Теперь надо было попасть на этот сеанс. Сеансы будут и потом. Сеансы будут повторятся столько, сколько вагон-клуб простоит в нашем тупике, но попасть надо на этот. У входа чёрная толпа и нам, пацанве, просочиться сквозь эту густую массу нет никакой возможности. Мы обречены войти последними. Наши пятьдесят копеек в руке, либо пятаками и мятыми двушками, либо трешками и копейками, побывавшими под битой в игре «бе-бе», влажны от пота. И вот билет оторван, и через коротенький коридорчик с запахом туалета - в «зал». Наши места почти впритык к экрану, и потому смотреть можно было только в полулежащем положении. Но неудобства не замечались. Мы впитывали экранную романтику принципиальности, самопожертвования, героизма и ещё многое из того, что несли наши тогдашние фильмы. Сзади мерно стрекотал киноаппарат «Украина».
Где-то в середине сеанса включался свет, выводя из забытья. Вставляли бобину с лентой второй части, гас свет, стрёкот аппарата возобновлялся, и мы вновь погружались в мир грёз с красивой любовью, с красивыми людьми, с красивыми поступками, с торжеством справедливости и чести.
По вечерам «дышал» паровик водокачки. Может быть, он «дышал» и днём, но его дыхание перекрывалось другими звуками. В домах, а правильнее – избах, крытых соломой, с земляными полами, загорались жёлтым светом семилинейные керосиновые лампы, и необыкновенный вечерний уют и покой входили в жильё. Доили коров, управлялись по хозяйству, жарили на ужин картошку. И ещё долго в моей памяти, несмотря на взросление и изменение образа жизни, запах керосина и жареной картошки связывался с детством, а ещё - с «большим домом».
Двухэтажное пристанционное здание, тоже царских времён, с тесными клетушками-квартирами железнодорожников.

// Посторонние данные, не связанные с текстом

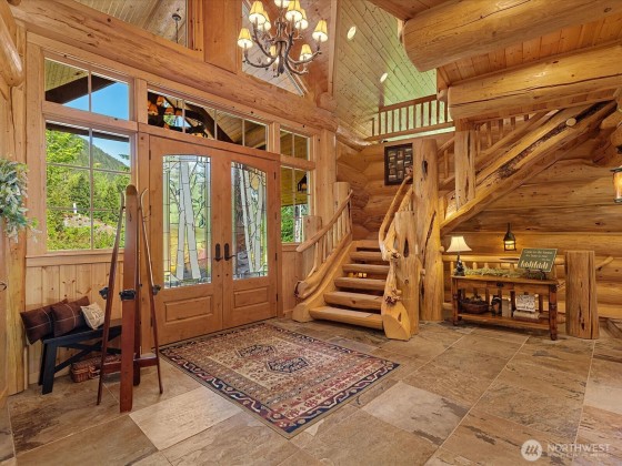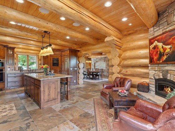 One of a kind masterpiece in an exclusive gated sanctuary awaits. An extraordinary blend of luxury and nature, this 5,520 sqft custom log estate on 7.33 acres rests within the prestigious gated community of Uplands Reserve. Breathtaking views of Mt Si from nearly every room. Exquisitely crafted with hand selected timber, one of a kind glasswork, and custom fixtures throughout handmade by local artisans. Grand open spaces, soaring ceilings, and walls of glass invite the outdoors in while luxurious amenities including a private movie theatre, wine cellar, chefs kitchen, & 5 fireplaces cater to the most luxurious lifestyle. The matching 1,600 sqft shop offers endless possibilities for collectors, creatives, or car enthusiasts. ADU Potential.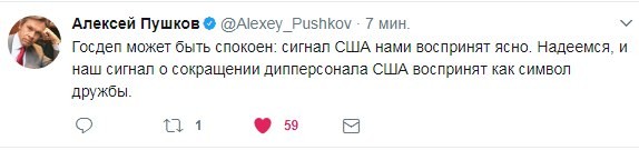 Политик также не уточнил, чего США ожидают от России, высылая «сигнал» - подданичества, согласия на действия США в любой точке мира, бесчестия или отказа от подъёма государства после развала Советского Союза?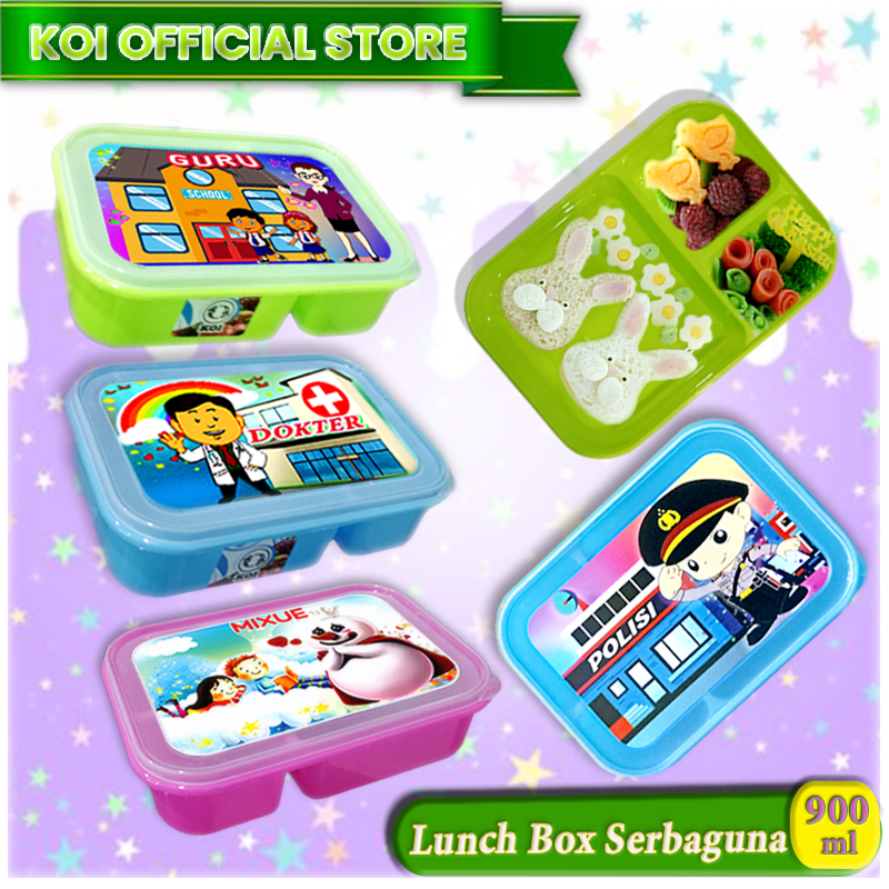 Perlengkapan Rumah > Peralatan Dapur > Tempat Penyimpanan Makanan > Koi Official - Lunch Box Serbaguna Makanan Sekat 3 / Kotak Plastik Tempat Bekal 900ml 1/2 dan 1 Lusin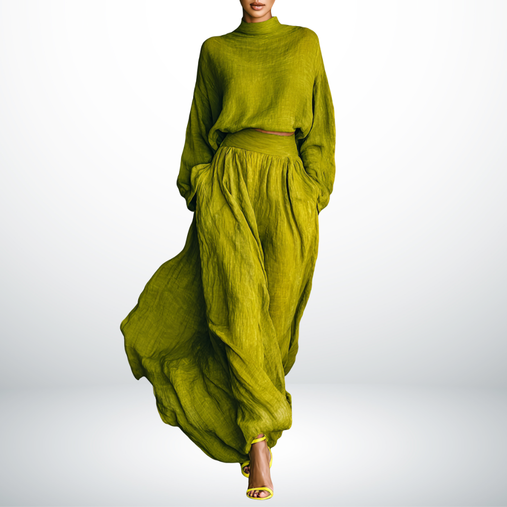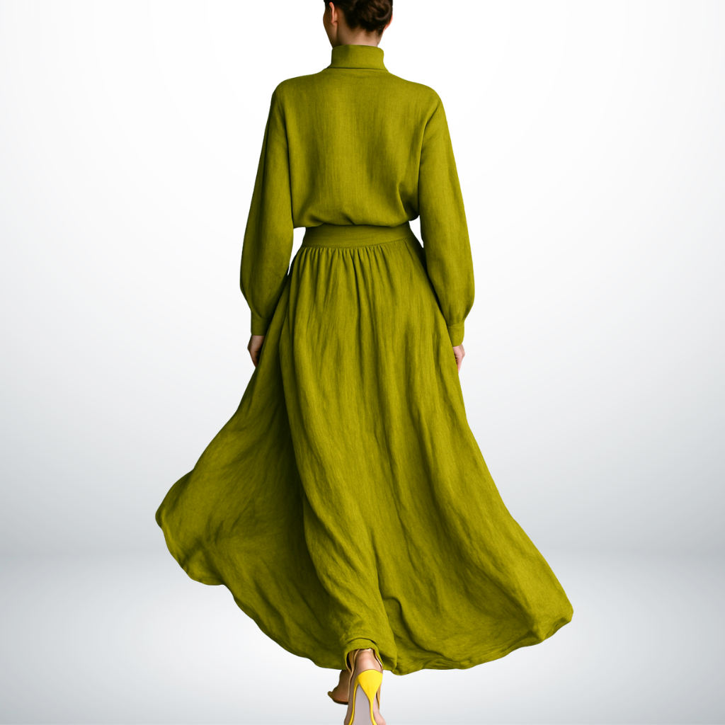 Een jurk die moeiteloos comfort en klasse samenbrengt. De frisse groene tint straalt levendigheid uit, terwijl de elegante snit het figuur op een subtiele manier flatteert. Ideaal voor de vrouw die zich stijlvol én ontspannen wil voelen – van een zomerse lunch tot een avondje uit.
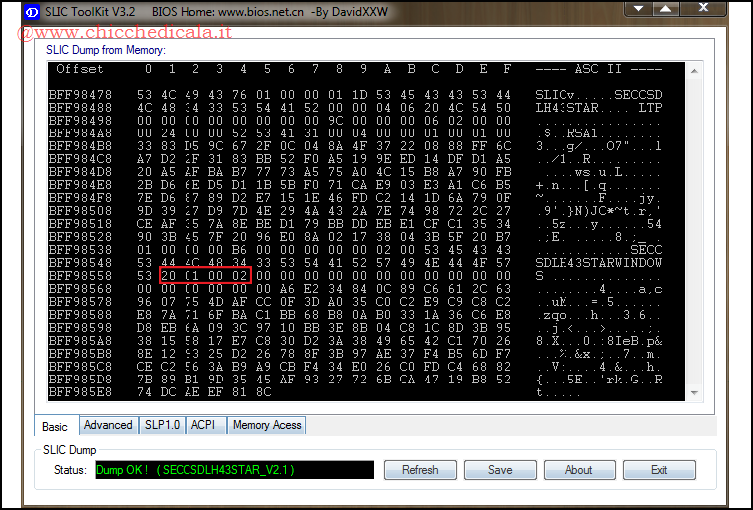 COME VERIFICARE E CONTROLLARE LO SLIC DEL BIOS PER L’ATTIVAZIONE OEMScarichiamo il software SLIC Toolkit V3.2, avviamo il programma con un doppio clic sull’eseguibile SLIC_Toolkit_v3.2.exe, spostiamoci nella sezione Basic e verifichiamo le informazioni nella sezione SLIC dump from memory. La schermata mostrerà con esattezza lo SLIC del BIOS in nostro possesso: NOTA: Disabilitare, disinstallare eventuali crack o loader installati sul PC. | ||

В длинных коридорах уютно шумели примусы, чадили керогазы, уютно пахло пищей, и нам, нездешним пацанам, жизнь в большом доме виделась малиной. Пацаны большедомовские глядели на нас свысока. Их отцы водили поезда, были дежурными по станции, путевыми обходчиками, стрелочниками…
Рядом с домом на пустыре шли бесконечные городошные бои, игра в «бе-бе» на деньги, собирались вечерние «улицы» с гармошкой, частушками и лихой матаней. Солдатские вдовы, ещё совсем молодые, лузгали на лавочках семечки, смотрели на счастливую молодёжь, думали свои тогдашние совсем не весёлые думы. Потом они как-то совсем незаметно заторопятся к мужьям своим - без них, видно, и жизнь была не в жизнь!

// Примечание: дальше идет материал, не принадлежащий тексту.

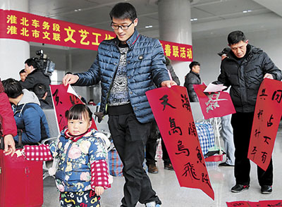 淮北車務(wù)段組織書法家們春運(yùn)送春聯(lián),祝福伴歸程。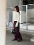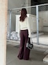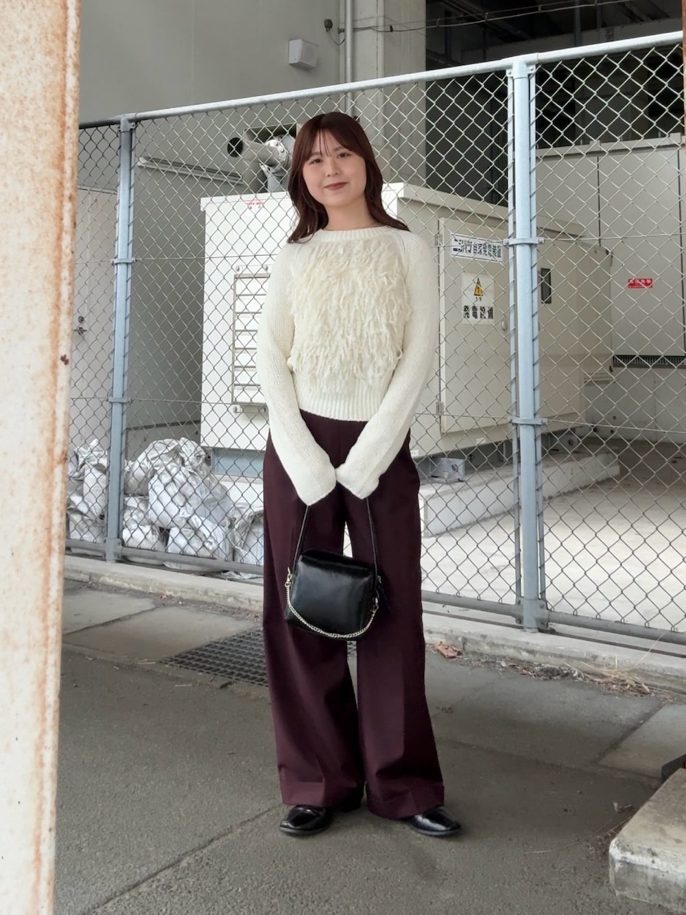 季節感のでるボルドーカラーのスラックスがポイントのコーデです🍇 トップスは、すっきりとしたサイズ感なのでワイドなボトムスを合わせても可愛いです! シルエットがタイトめなので、フリンジのデザインでも着膨れしないです^^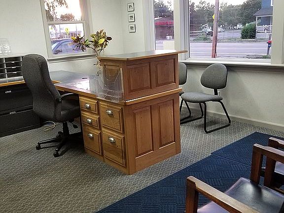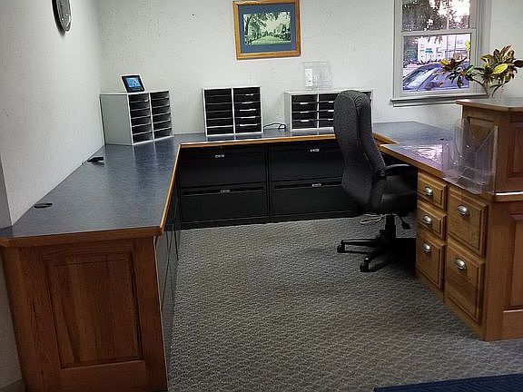 This property has a large reception area and 3 private offices. Custom hickory reception desk by Maedl Woodcraft with built-in lateral files provide plenty of work area and storage. Building has unfinished basement.

Я из них, вдов большедомовских, запомнил Нину Павловну Полухину. Она курила завёрнутый в газету «козьей ножкой» самосад, говорила грубым мужским голосом. Двое её сыновей родились до войны. Поднимала, ставила на ноги она их одна.
Некоторые большедомцы, нахлебавшись коммунальщины, начинали строиться, но процесс затягивался на долгие годы. Работа, безденежье. Дома закладывали побольше, в расчёте на сынов. Надорвавшись, сами умирали рано, едва успев вселиться, сыновья уезжали в город, минуя все удерживающие крепостнические рогатки.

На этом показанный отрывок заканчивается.